------ Provided material

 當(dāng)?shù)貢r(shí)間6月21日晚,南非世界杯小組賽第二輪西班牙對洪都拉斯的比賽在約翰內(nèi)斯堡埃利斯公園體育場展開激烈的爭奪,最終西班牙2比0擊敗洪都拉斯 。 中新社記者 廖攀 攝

------------
------ Provided material

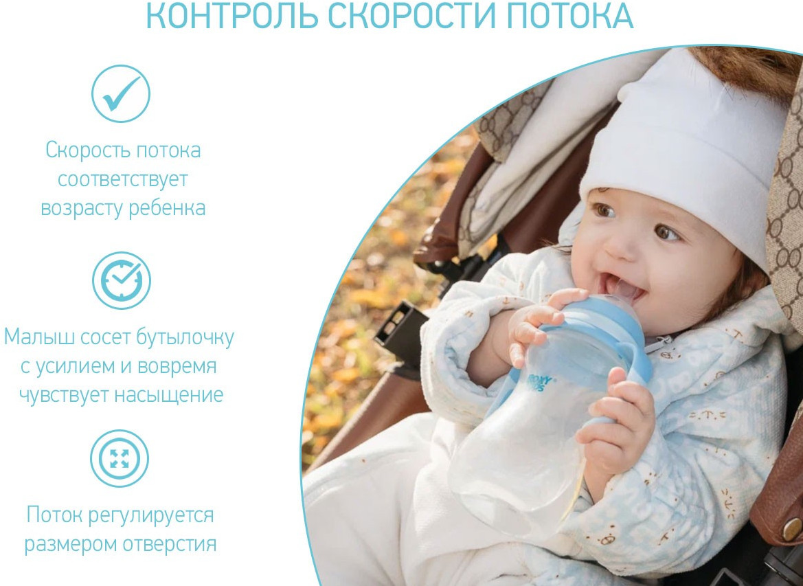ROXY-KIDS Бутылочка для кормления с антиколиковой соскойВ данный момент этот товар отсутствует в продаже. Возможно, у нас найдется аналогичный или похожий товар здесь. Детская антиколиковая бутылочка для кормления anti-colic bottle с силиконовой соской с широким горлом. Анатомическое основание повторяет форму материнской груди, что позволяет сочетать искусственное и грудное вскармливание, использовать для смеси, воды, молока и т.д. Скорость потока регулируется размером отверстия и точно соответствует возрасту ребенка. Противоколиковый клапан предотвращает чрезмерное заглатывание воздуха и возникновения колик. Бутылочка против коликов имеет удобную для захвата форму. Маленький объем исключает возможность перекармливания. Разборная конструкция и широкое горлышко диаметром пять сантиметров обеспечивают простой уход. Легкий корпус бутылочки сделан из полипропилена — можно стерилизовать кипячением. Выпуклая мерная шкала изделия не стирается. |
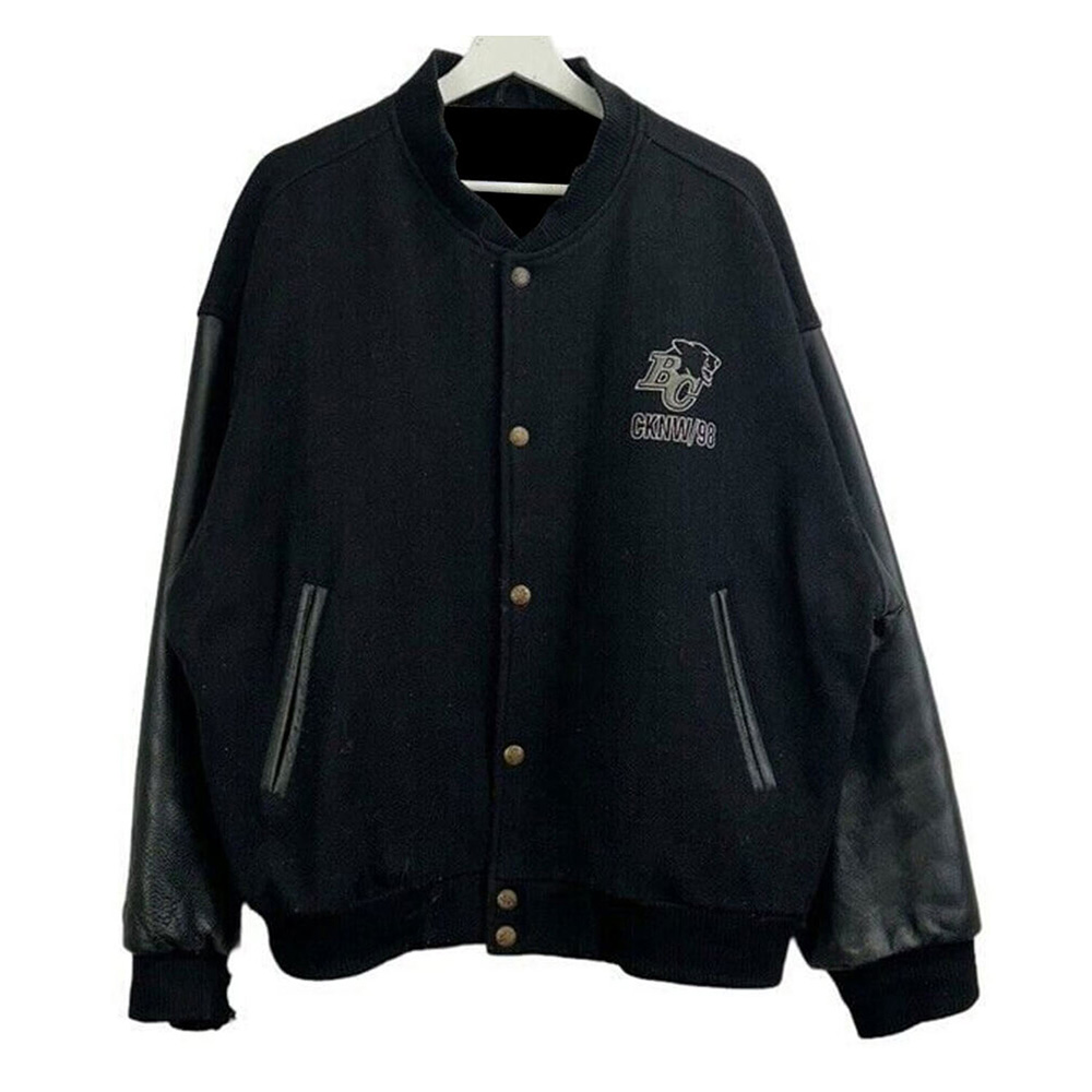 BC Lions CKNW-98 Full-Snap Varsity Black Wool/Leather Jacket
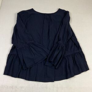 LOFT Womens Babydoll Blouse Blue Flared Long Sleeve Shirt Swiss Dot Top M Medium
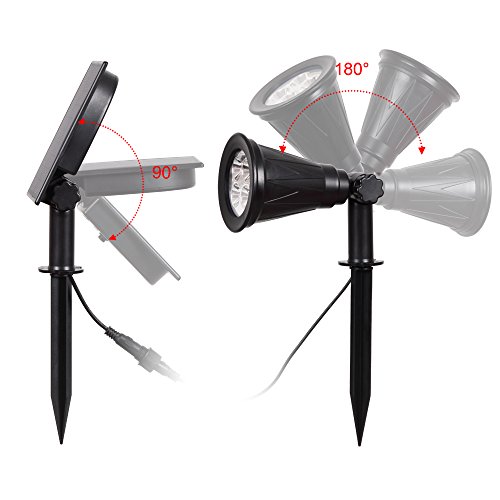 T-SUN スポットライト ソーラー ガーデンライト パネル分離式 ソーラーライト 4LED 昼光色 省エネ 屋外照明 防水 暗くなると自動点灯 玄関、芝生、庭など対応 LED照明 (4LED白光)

------------

Task to complete:
What lines above run from the one with "LOFT Womens Babydoll" to the one with "T-SUN スポットライト ソーラー"? Give them again exactly, ends included, and leave the pictures out.

Answer to the problem:
 LOFT Womens Babydoll Blouse Blue Flared Long Sleeve Shirt Swiss Dot Top M Medium
 T-SUN スポットライト ソーラー ガーデンライト パネル分離式 ソーラーライト 4LED 昼光色 省エネ 屋外照明 防水 暗くなると自動点灯 玄関、芝生、庭など対応 LED照明 (4LED白光)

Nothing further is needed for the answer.